TASK GOAL -
Please return every record exactly, with no pictures included.

---

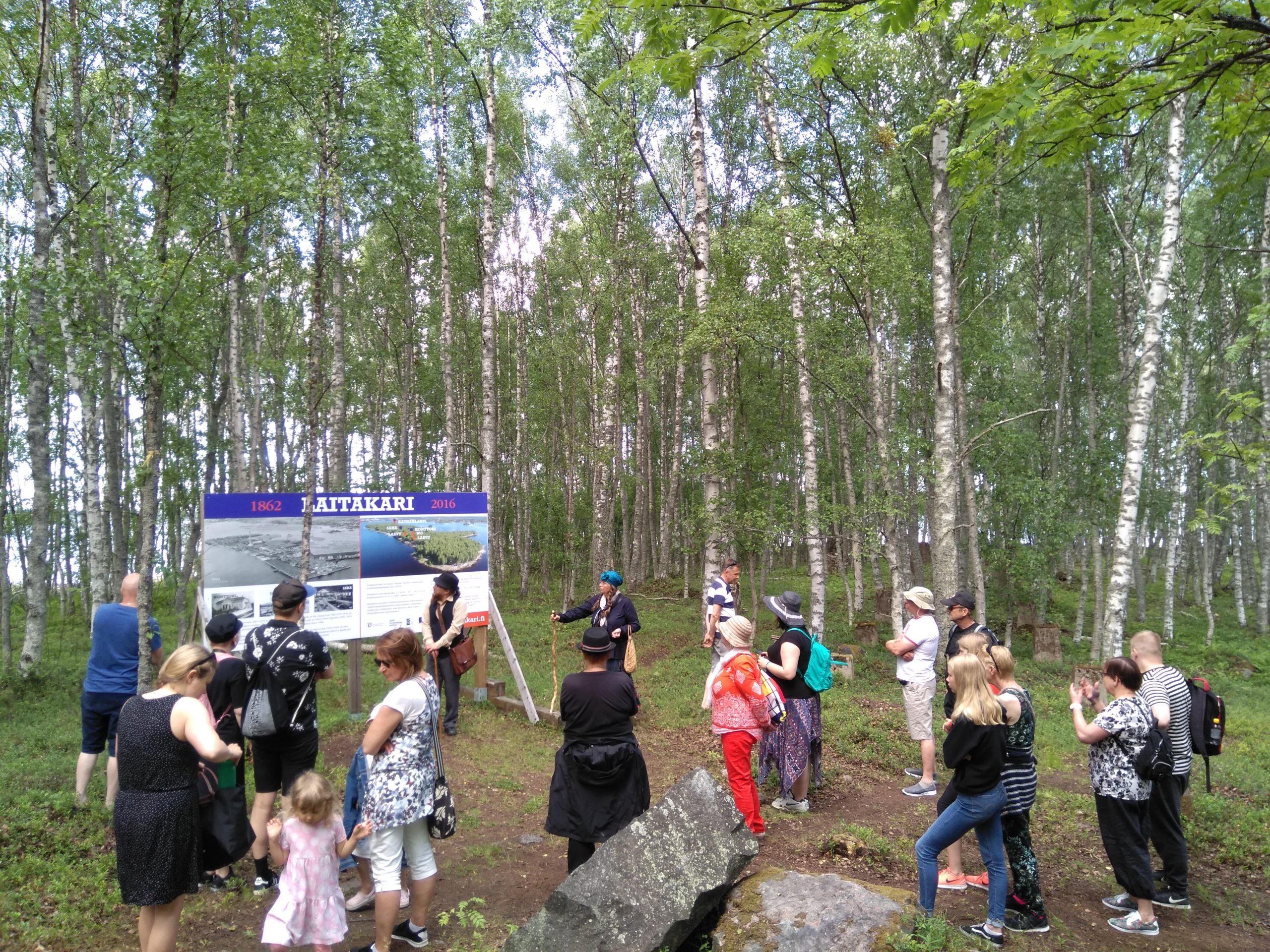 Meri-Lapin Matkailuoppaat järjestävät opastetun retken Laitakarin sahasaaressa. Laitakarin sahanaikainen talonmies Brita Anttonen johdattaa ryhmää ja matkalla tapaamme mm. muhari Rauha Haltun ja opettaja Eevi Hännisen sekä lankunkantaja Jakob Lammassaaren.
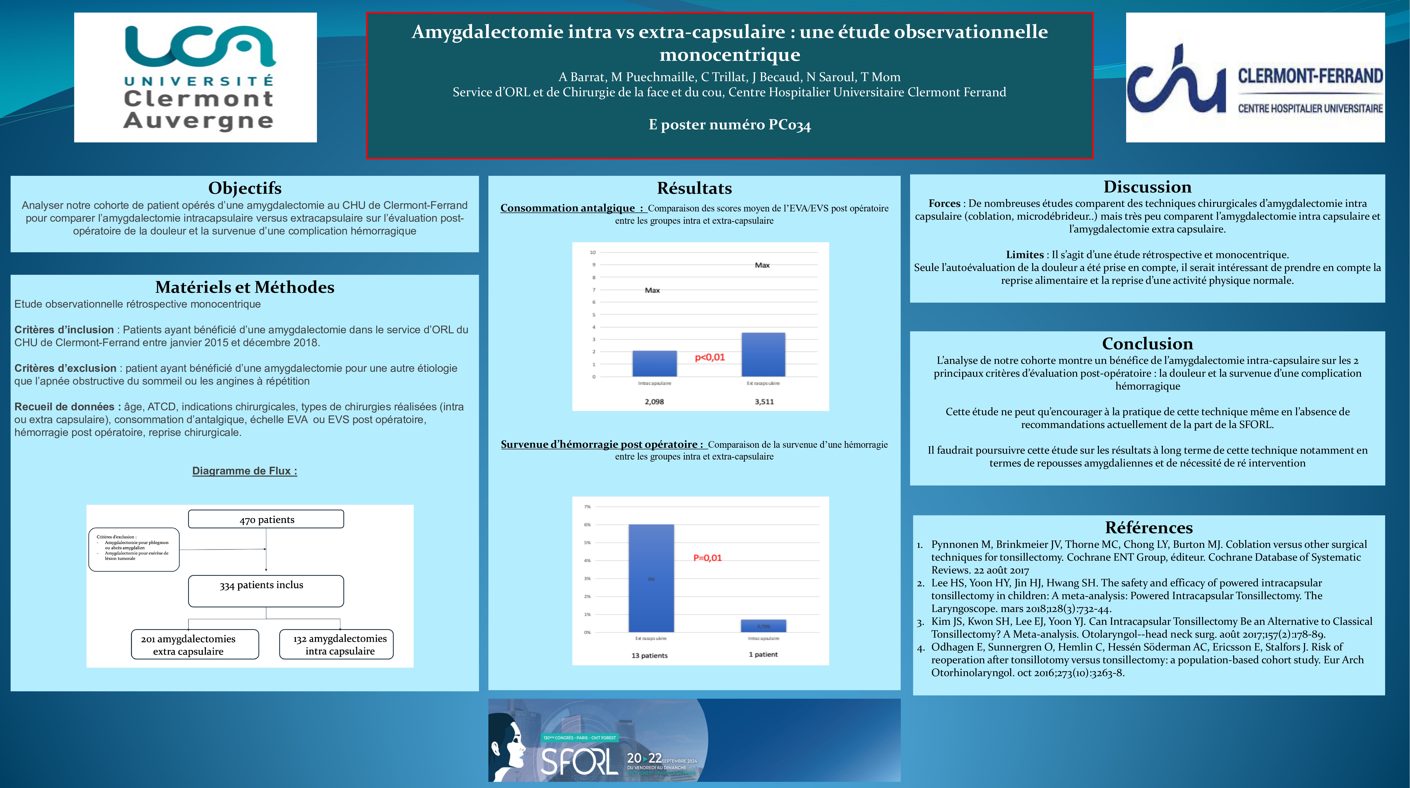 | PC034 – Amygdalectomie intra ou extra-capsulaire : une étude observationnelle monocentrique | ORL Pédiatrique | orl-pediatrique | |
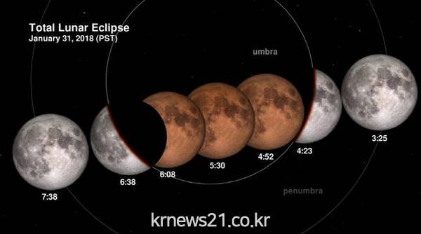 이번 개기월식은 특히 달이 크게 보이는 슈퍼문과 한달에 두번째 뜨는 보름달 블루문, 달이 붉게 변하는 블러드문 현상이 함께 나타날 예정이다.
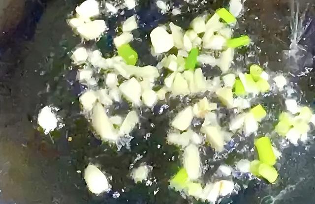 4. 锅中留少许底油,放入蒜末、姜末爆香,加入青椒块翻炒几下。
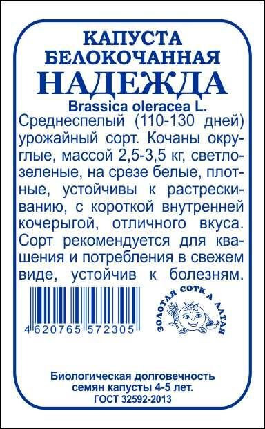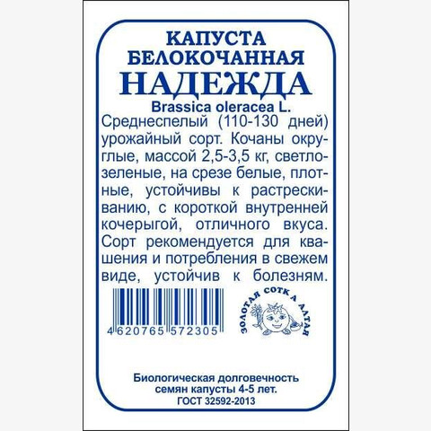 Среднеспелый урожайный сорт. От полных всходов до созревания 110-130 дней. Кочаны округлой формы, массой 2,5-3,5 кг, светло-зеленой окраски, на срезе белые, с короткой внутренней кочерыгой, плотные, устойчивы к растрескиванию, обладают отличными вкусовыми качествами. Сорт рекомендуется для квашения и потребления в свежем виде, устойчив к болезням.

---

RESULT OF THIS EXERCISE -
 Meri-Lapin Matkailuoppaat järjestävät opastetun retken Laitakarin sahasaaressa. Laitakarin sahanaikainen talonmies Brita Anttonen johdattaa ryhmää ja matkalla tapaamme mm. muhari Rauha Haltun ja opettaja Eevi Hännisen sekä lankunkantaja Jakob Lammassaaren.
 | PC034 – Amygdalectomie intra ou extra-capsulaire : une étude observationnelle monocentrique | ORL Pédiatrique | orl-pediatrique | |
 이번 개기월식은 특히 달이 크게 보이는 슈퍼문과 한달에 두번째 뜨는 보름달 블루문, 달이 붉게 변하는 블러드문 현상이 함께 나타날 예정이다.
 4. 锅中留少许底油,放入蒜末、姜末爆香,加入青椒块翻炒几下。
 Среднеспелый урожайный сорт. От полных всходов до созревания 110-130 дней. Кочаны округлой формы, массой 2,5-3,5 кг, светло-зеленой окраски, на срезе белые, с короткой внутренней кочерыгой, плотные, устойчивы к растрескиванию, обладают отличными вкусовыми качествами. Сорт рекомендуется для квашения и потребления в свежем виде, устойчив к болезням.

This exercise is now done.